Building a More Resilient New York City
In several recent and upcoming posts, NewPublicHealth is connecting with communities that have faced severe weather disasters in the last year. New York City, for example, is continuing to regroup and rebuild after Hurricane Sandy struck the region eight months ago. The city, and its health department, recently announced several initiatives aimed at “building back better” while supporting residents still facing housing as well as mental health problems since the storm last October. Some examples are detailed below.
- The New York City Building Resiliency Task Force, an expert panel convened after Hurricane Sandy to help strengthen buildings and building standards, recently issued a report with recommendations for buildings and homes of all sizes in the city. The report recommends establishing backup power in the event that primary networks fail; protecting water supplies and stabilizing interior temperatures if residents need to shelter in place. ”Making our city’s buildings more resilient to coastal flooding and other climate hazards is a challenge that requires collaboration among government, designers, engineers, and building owners, among others,” said City Planning Commissioner Amanda M. Burden. “The Task Force's work exemplifies the kind of innovation and cooperation necessary to prepare our city for a changing climate.” To create the report, the Task Force convened over 200 volunteer experts in architecture, engineering, construction, building codes and real estate.
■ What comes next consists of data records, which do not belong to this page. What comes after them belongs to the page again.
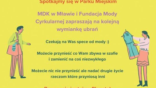 • Fundacja Mody Cyrkularnej i Miejski Dom Kultury w Mławie organizują wielką wymianę ubrań. Start godz. 16:00 w Parku Miejskim. Wymiana jest całkowicie bezpłatna.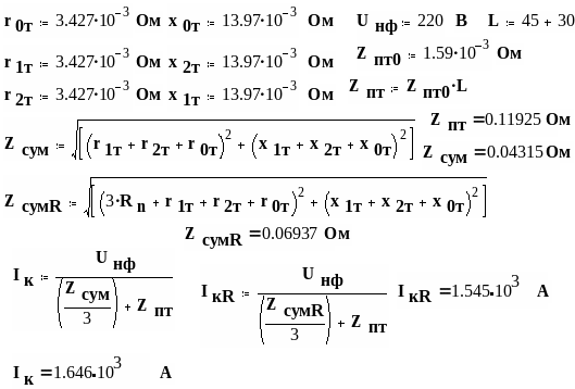-Сопротивление элементов сети (трансформатора, кабелей) рекомендуется принять по [1] или [2], в случае невозможности нахождения величины Zпт для кабелей, можно принимать: Zпто=2,3*Zо(1) (т.е. принимать величину удельного полного сопротивления петли фаза-нуль в 2,3 раза больше активного удельного сопротивления жилы);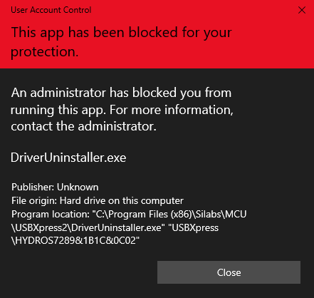 This app has been blocked for your protection. An administrator has blocked you from running this app. For more information, contact the administrator. DriverUninstaller.exe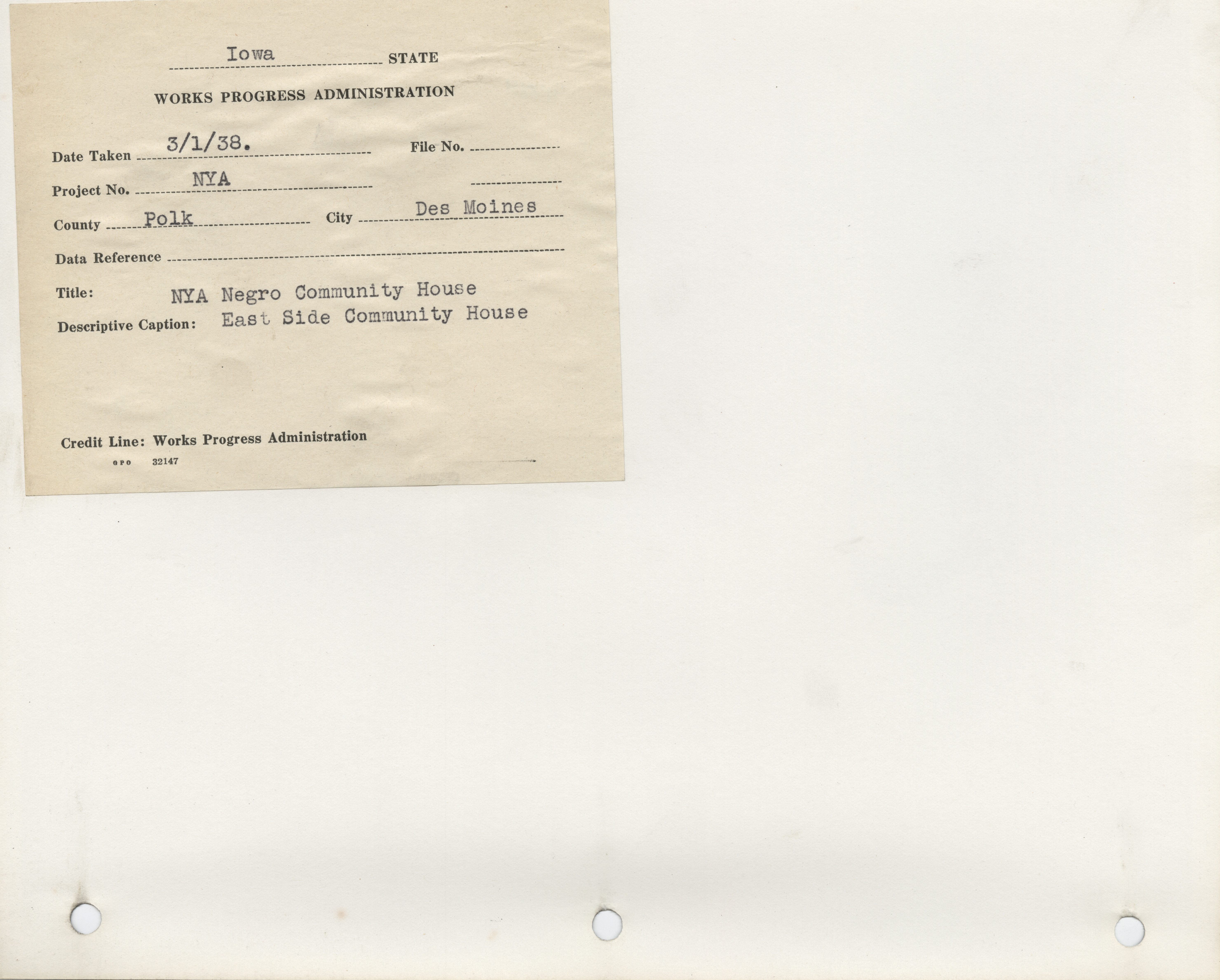 - National Youth Administration. Polk County. Des Moines. East Side Community House. (2 b/w photographs), 1938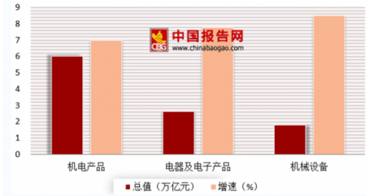 2018年1-8年我国机电产品出口6.01万亿元,增长7%。其中,及出口2.64万亿元;机械设备1.82万亿元。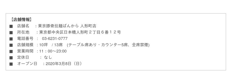 株式会社花研(本社:東京都豊島区、代表取締役社長:草野直樹)は、「東京豚骨拉麺ばんから 人形町店」を3月8日(日)、中央区日本橋人形町にオープンいたします。 「東京豚骨拉麺ばんから」としての出店は41店目となります。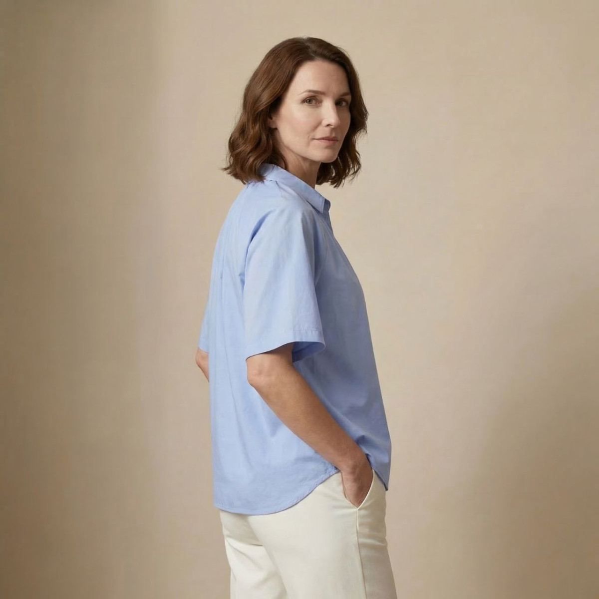 La LEONORE en white est une blouse de dressing capsule — universelle, neutre, associable à tout. Elle est la base qui s'efface derrière les accessoires et les bas, la pièce dont on a toujours besoin sans jamais vraiment la remarquer. La LEONORE en lavender blue est une blouse de caractère doux — elle a une identité coloristique propre, une palette qui lui appartient, une présence visuelle légère mais perceptible. Elle s'affiche un peu plus que le blanc, attire l'œil avec discrétion. Les deux ensemble couvrent pratiquement tous les besoins d'une blouse loose fit en coton au quotidien.

- New York Mayor Michael Bloomberg has announced a partnership with Nextdoor, a free, private social network designed to help neighbors stay connected about important city and safety updates through secure neighborhood websites and a mobile app. Residents can use Nextdoor to get to know their neighbors, and exchange local advice and recommendations. Nextdoor has already created more than 1,800 neighborhood websites across the city and the city will be able to target specific postings to specific neighborhoods, such as evacuation notices. “Nextdoor gives New York neighbors an easy way to connect and communicate with those who live around them,” says New York City mayor Michael Bloomberg. “It also provides the City with a direct line of communication to residents about important and often critical updates.”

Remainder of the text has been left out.